**TASK OBJECTIVE**.
Starting with the line that has "Inside the main" and finishing with the line that has "The chart below", set down each line below exactly. Pictures are not copied.

**DATA RECORDS**.

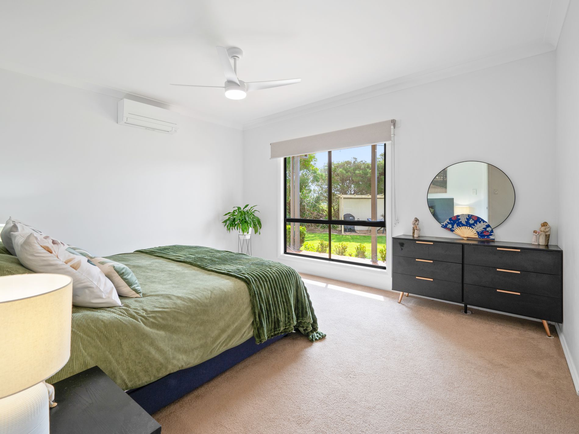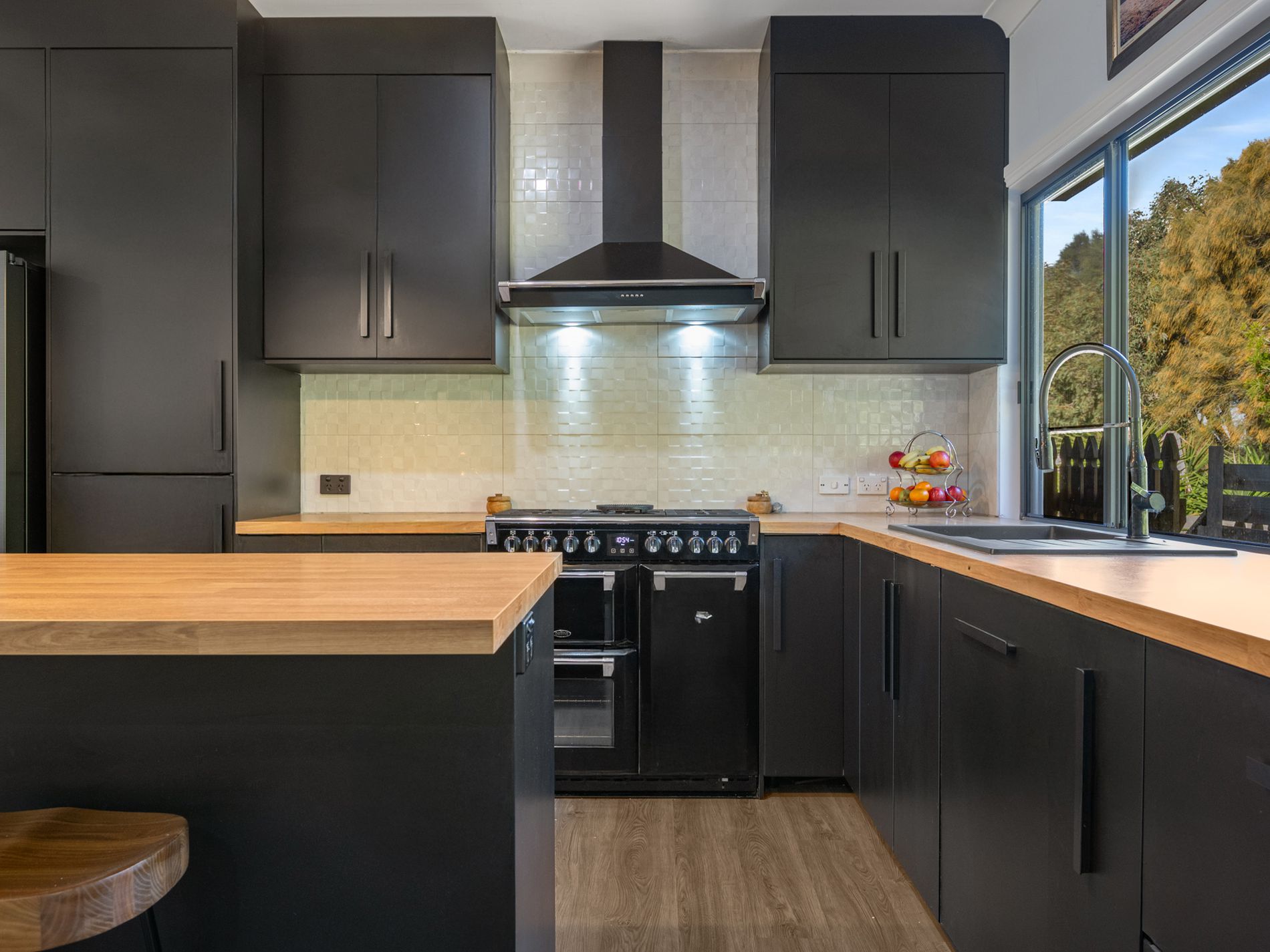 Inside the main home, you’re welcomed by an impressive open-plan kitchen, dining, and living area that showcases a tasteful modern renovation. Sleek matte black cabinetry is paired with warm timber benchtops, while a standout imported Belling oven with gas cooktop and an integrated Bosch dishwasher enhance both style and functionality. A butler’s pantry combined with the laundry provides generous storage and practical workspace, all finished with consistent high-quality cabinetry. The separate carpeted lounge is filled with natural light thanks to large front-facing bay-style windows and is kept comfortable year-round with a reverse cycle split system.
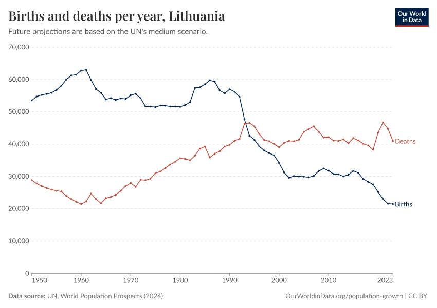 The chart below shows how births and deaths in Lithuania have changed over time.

* * *

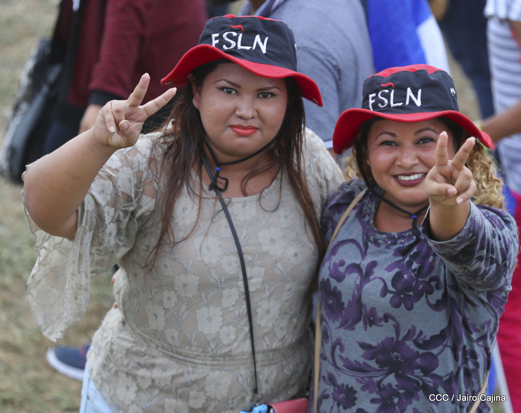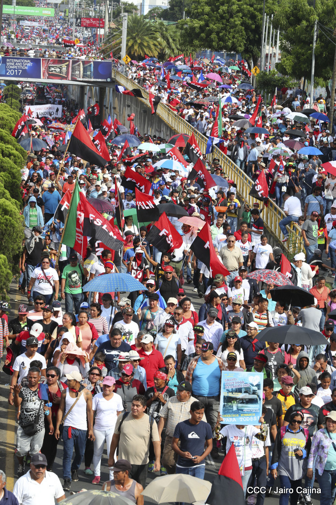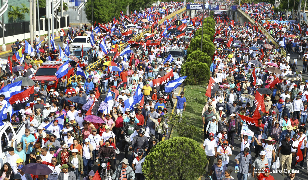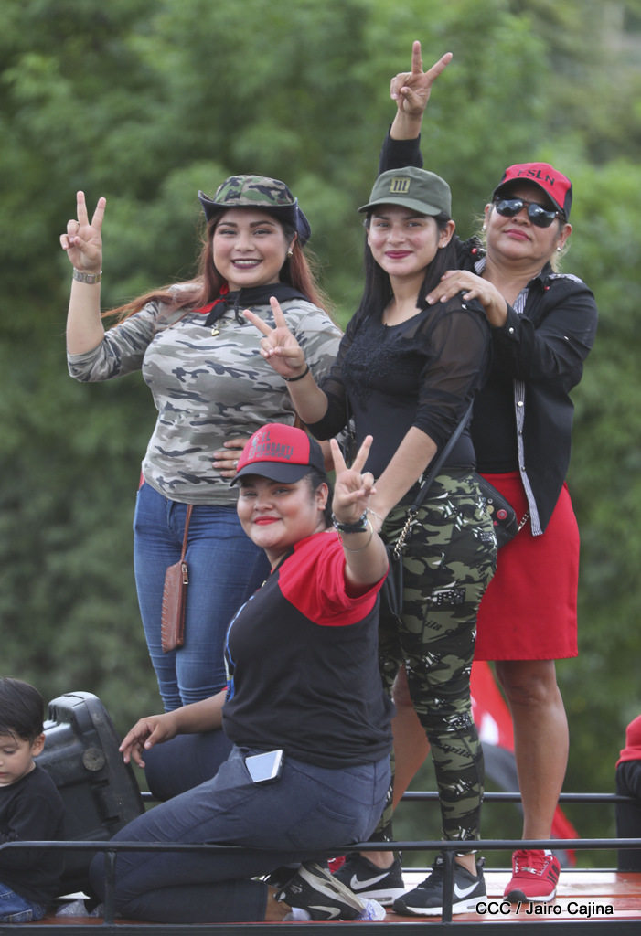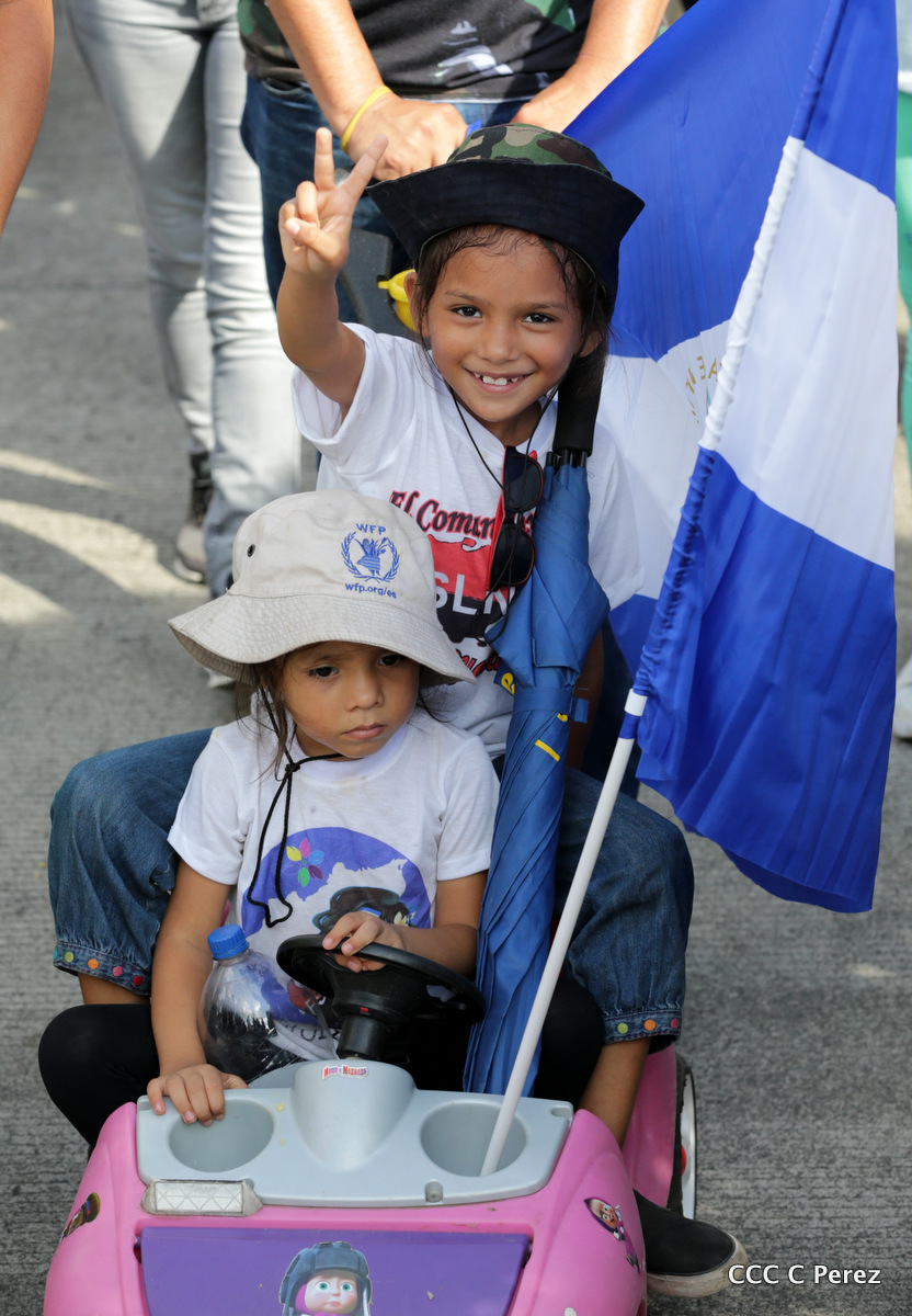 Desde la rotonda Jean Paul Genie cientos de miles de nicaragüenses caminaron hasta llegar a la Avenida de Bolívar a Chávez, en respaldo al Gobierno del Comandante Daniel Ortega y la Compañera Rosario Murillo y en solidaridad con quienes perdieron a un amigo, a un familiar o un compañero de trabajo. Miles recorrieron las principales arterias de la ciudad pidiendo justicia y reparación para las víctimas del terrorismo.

**ANSWER TO THIS EXERCISE**.
 Inside the main home, you’re welcomed by an impressive open-plan kitchen, dining, and living area that showcases a tasteful modern renovation. Sleek matte black cabinetry is paired with warm timber benchtops, while a standout imported Belling oven with gas cooktop and an integrated Bosch dishwasher enhance both style and functionality. A butler’s pantry combined with the laundry provides generous storage and practical workspace, all finished with consistent high-quality cabinetry. The separate carpeted lounge is filled with natural light thanks to large front-facing bay-style windows and is kept comfortable year-round with a reverse cycle split system.
 The chart below shows how births and deaths in Lithuania have changed over time.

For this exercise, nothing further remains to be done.